▶ DATASET EXCERPT:
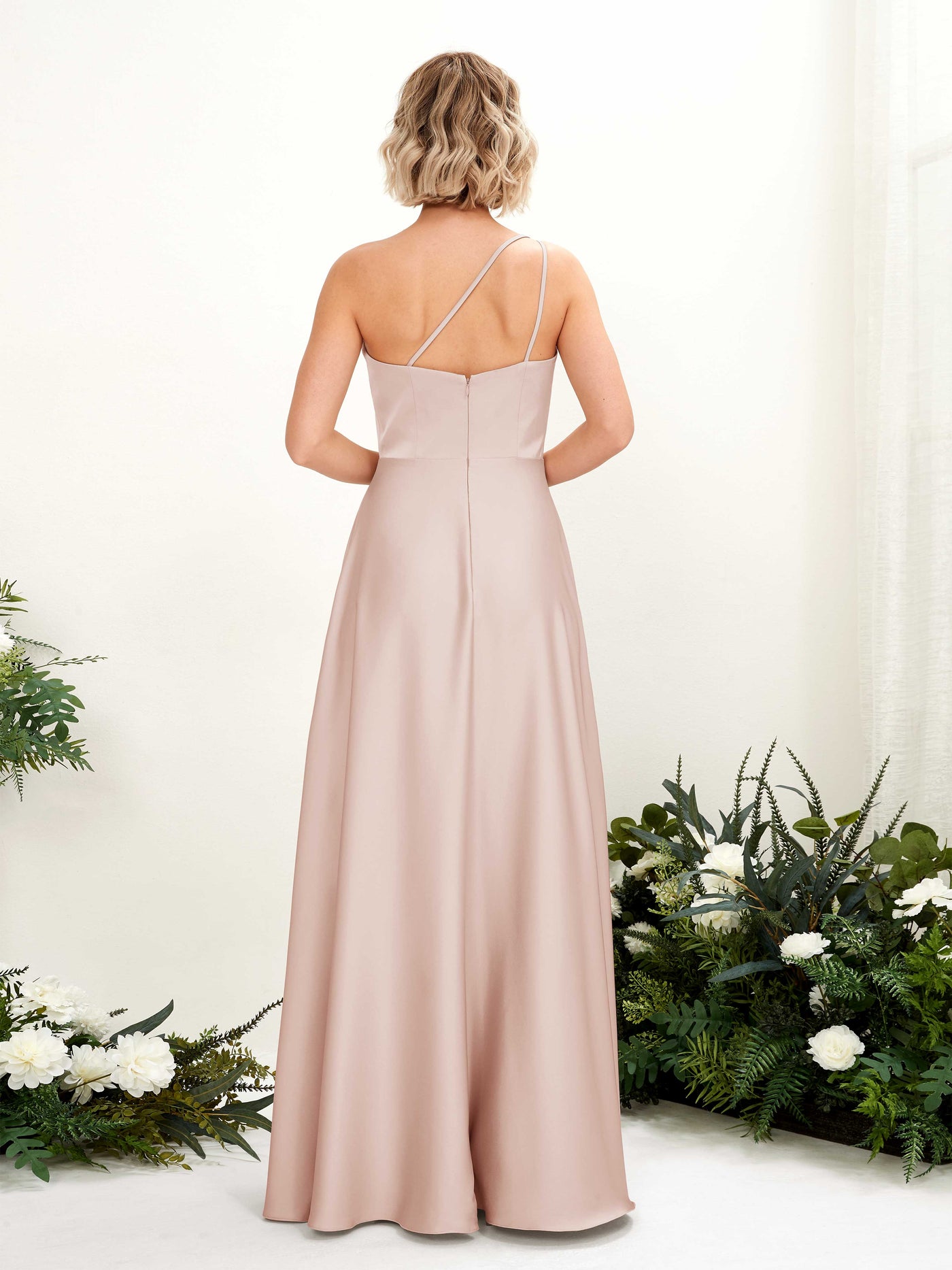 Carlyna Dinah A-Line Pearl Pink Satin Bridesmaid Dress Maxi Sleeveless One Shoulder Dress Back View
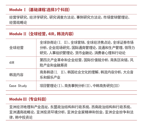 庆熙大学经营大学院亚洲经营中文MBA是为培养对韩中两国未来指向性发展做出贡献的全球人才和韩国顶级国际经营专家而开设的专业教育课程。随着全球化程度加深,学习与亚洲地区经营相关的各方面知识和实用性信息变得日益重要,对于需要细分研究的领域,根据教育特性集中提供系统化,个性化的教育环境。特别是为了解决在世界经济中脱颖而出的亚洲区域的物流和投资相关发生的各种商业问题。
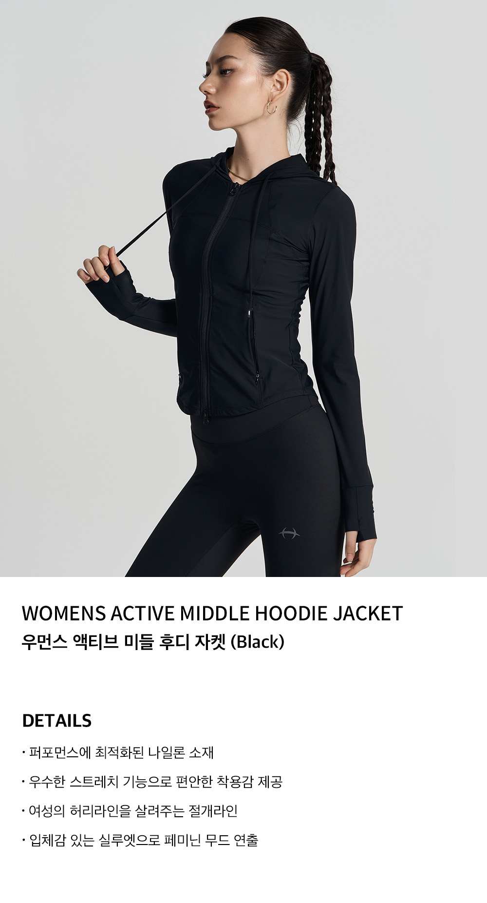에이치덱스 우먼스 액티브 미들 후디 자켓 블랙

▶ WORK REQUEST: Return exactly the lines starting at the line with "庆熙大学经营大学院亚洲经营中" and ending at the last line of the listing, both ends included; pictures are to be left out.

▶ RESULT OF THIS EXERCISE:
 庆熙大学经营大学院亚洲经营中文MBA是为培养对韩中两国未来指向性发展做出贡献的全球人才和韩国顶级国际经营专家而开设的专业教育课程。随着全球化程度加深,学习与亚洲地区经营相关的各方面知识和实用性信息变得日益重要,对于需要细分研究的领域,根据教育特性集中提供系统化,个性化的教育环境。特别是为了解决在世界经济中脱颖而出的亚洲区域的物流和投资相关发生的各种商业问题。
에이치덱스 우먼스 액티브 미들 후디 자켓 블랙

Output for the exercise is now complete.